6.5 KiB
6.5 KiB
G3 General Purpose AI Agent - Design Document
Overview
G3 is a code-first AI agent that helps you complete tasks by writing and executing code or scripts. Instead of just giving advice, G3 solves problems by generating executable code in the appropriate language.
Core Principles
- Code-First Philosophy: Always try to solve problems with executable code
- Multi-Language Support: Generate scripts in Python, Bash, JavaScript, Rust, etc.

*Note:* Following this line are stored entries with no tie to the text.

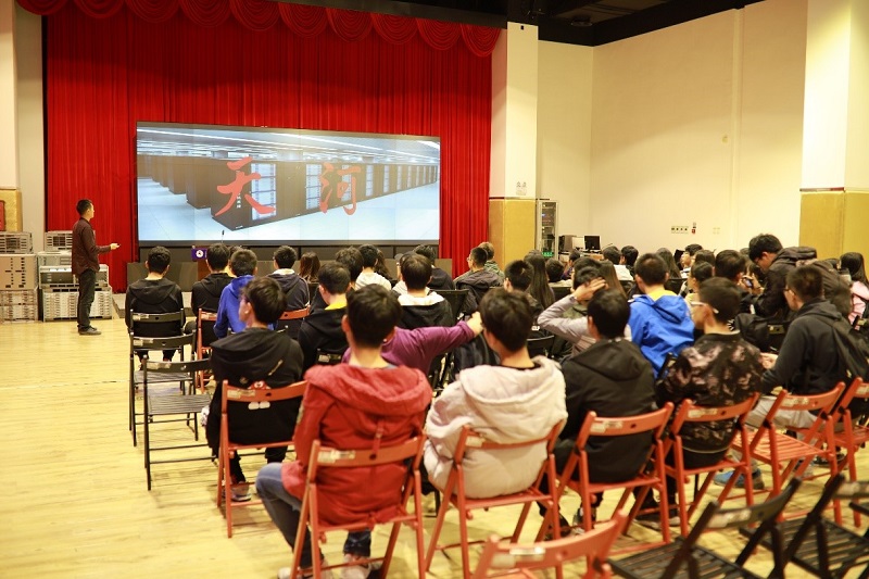 在超算中心工作的05届天大校友夏梓峻接待了自动化院学生一行人,并对天大学弟学妹前来参观表示了热烈欢迎,在会议室中夏梓峻校友详细讲解了超算中心的职责——主要承接国家"863"重大科技专项,定位为国家重大科技服务平台、产业技术创新平台、人才聚集培养平台。在互动环节中,夏梓峻校友回答了“天河一号”计算机到底是什么、对我们国家做出什么贡献等众多问题,以学生能接受的方式,引导学生了解专业知识和实际应用之间的联系和区别。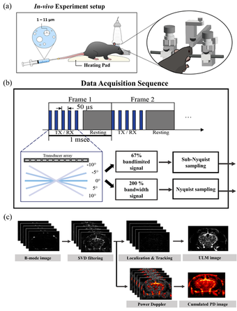 [그림 1] ULM Lite 개념도: in vivo 실험 구성, 데이터 취득 시퀀스, 그리고 재구성 파이프라인 (a–c)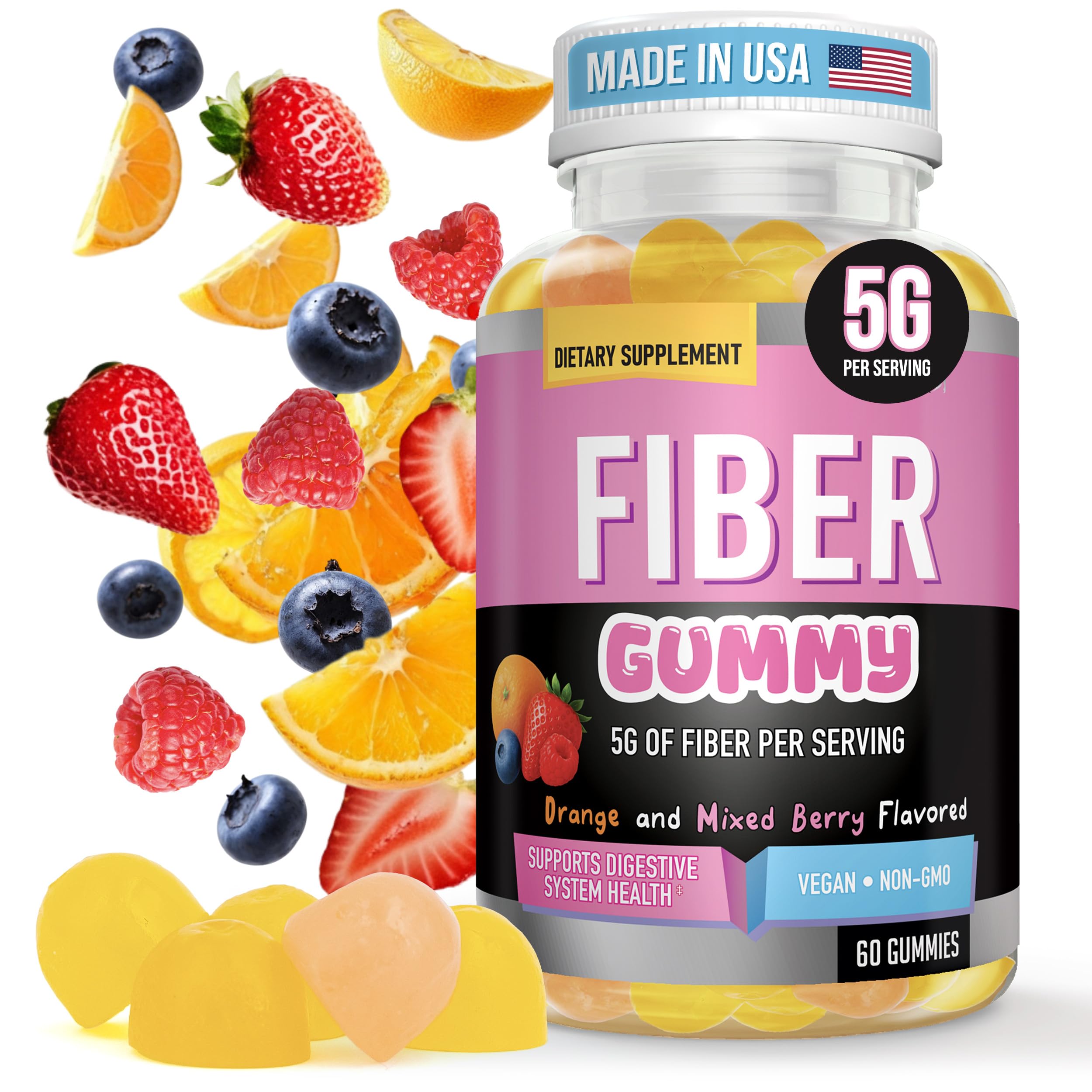 How to use: Chew 3 gummies daily, preferably with food, or as directed by a healthcare professional. Chew thoroughly before swallowing. Straightforward formula you can read: Pectin-based gummies colored with vegetable juice turmeric includes 3 g added sugars per serving. Tastes great, easy routine: These fiber chews for adults come in Orange Mixed Berry flavors with a smooth chew, making daily fiber simple and consistent. Prebiotic from chicory root (inulin): Nourishes beneficial gut bacteria to help maintain a balanced digestive ecosystem—no mixing or water needed. 5g prebiotic fiber per serving: Each 3-gummy serving provides 5 g dietary fiber (18 DV) from chicory root (inulin) to support everyday digestive health and regularity.
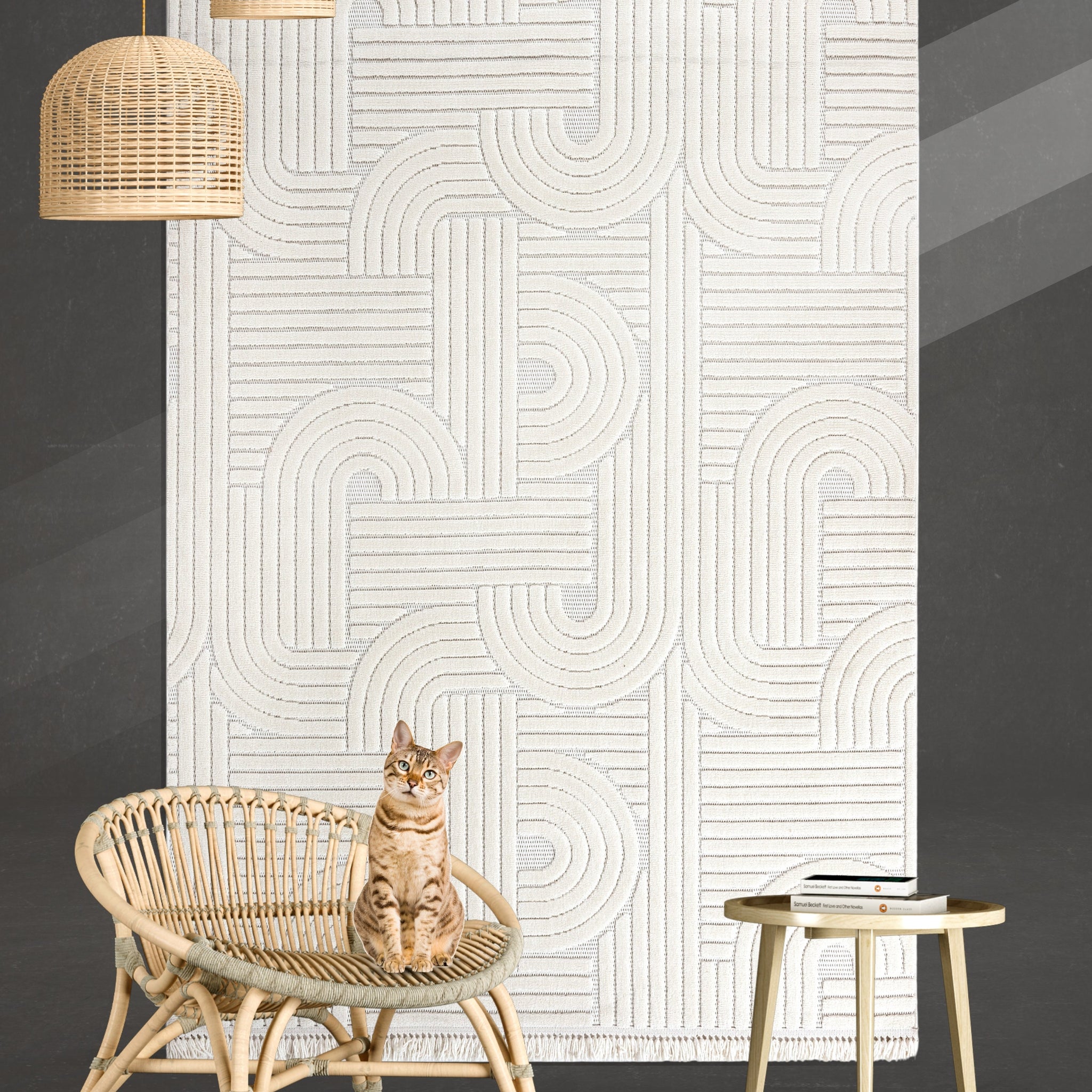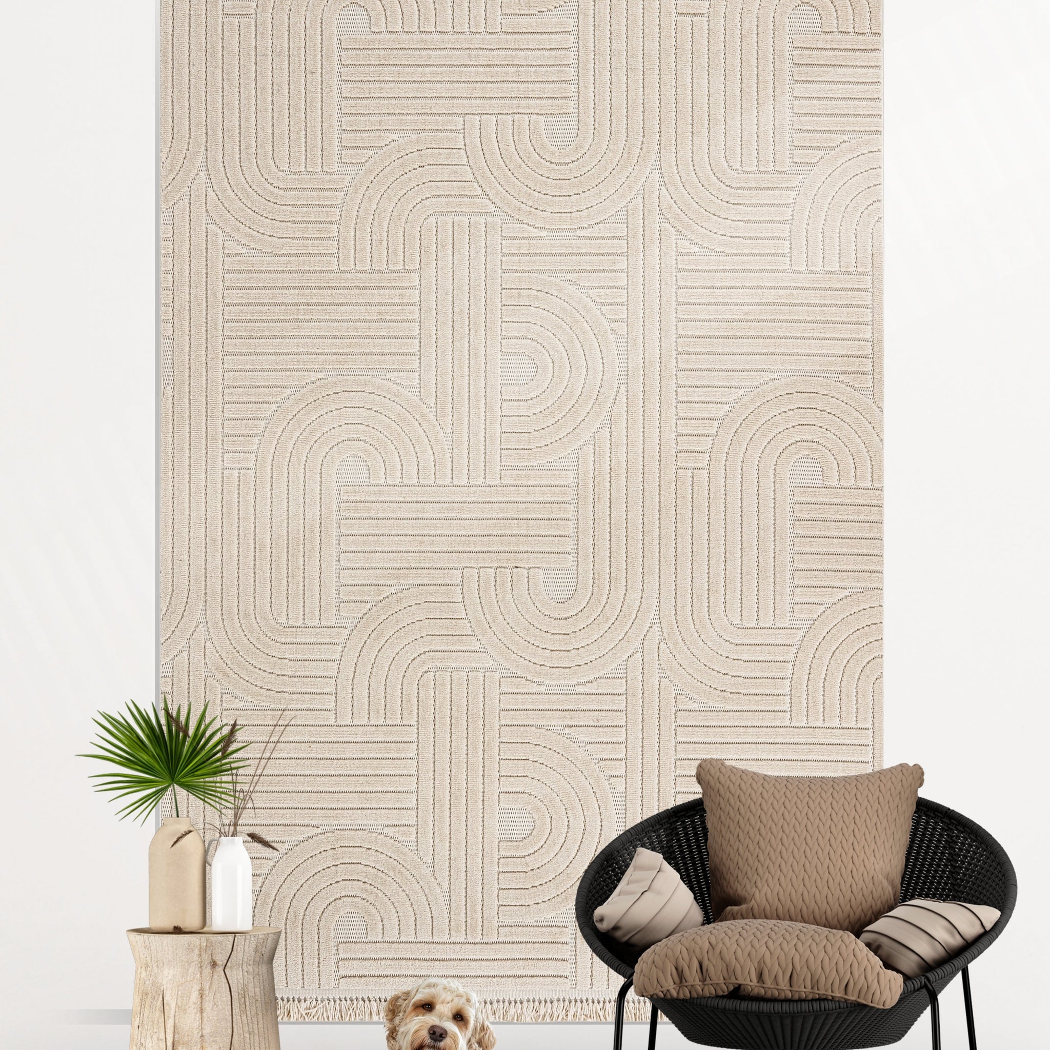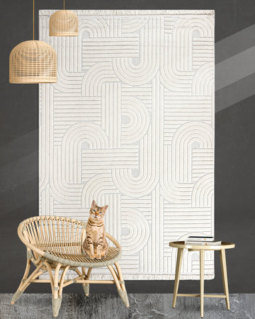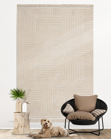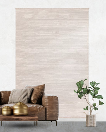 Buklem Soft Şerit Desenli Makine Halısı Krem

- Unix Philosophy: Small, focused tools that do one thing well
- Modularity: Clear separation of concerns
- Composability: Components can be combined in different ways
- Performance: Blazing fast execution
Architecture
High-Level Components
┌─────────────────┐ ┌─────────────────┐ ┌─────────────────┐
│ CLI Module │ │ Core Engine │ │ LLM Providers │
│ │ │ │ │ │
│ - Task commands │◄──►│ - Task │◄──►│ - OpenAI │
│ - Interactive │ │ interpretation│ │ - Anthropic │
│ mode │ │ - Code │ │ - Embedded │
│ - Code exec │ │ generation │ │ (llama.cpp) │
│ approval │ │ - Script │ │ - Custom APIs │
│ │ │ execution │ │ │
└─────────────────┘ └─────────────────┘ └─────────────────┘
│ │ │
└───────────────────────┼───────────────────────┘
│
┌─────────────────┐
│ Execution │
│ Engine │
│ │
│ - Python │
│ - Bash/Shell │
│ - JavaScript │
│ - Rust │
│ - Sandboxing │
└─────────────────┘
Module Breakdown
1. CLI Module (g3-cli)
- Responsibility: User interface and task interpretation
- New Features:
- Progress indicators for script execution
2. Core Engine (g3-core)
- Responsibility: Task interpretation and code generation
- New Features:
- Task analysis and decomposition
- Language selection based on task type
- Code generation with execution context
- Script template system
- Autonomous execution of generated code
3. LLM Providers (g3-providers)
- Responsibility: LLM communication and model abstraction
- Supported Providers:
- OpenAI: GPT-4, GPT-3.5-turbo via API
- Anthropic: Claude models via API
- Embedded: Local open-weights models via llama.cpp
- Enhanced Prompts:
- Code-first system prompts
- Language-specific generation instructions
5. Embedded Provider (g3-core/providers/embedded) - NEW
- Responsibility: Local model inference using llama.cpp
- Features:
- GGUF model support (Llama, CodeLlama, Mistral, etc.)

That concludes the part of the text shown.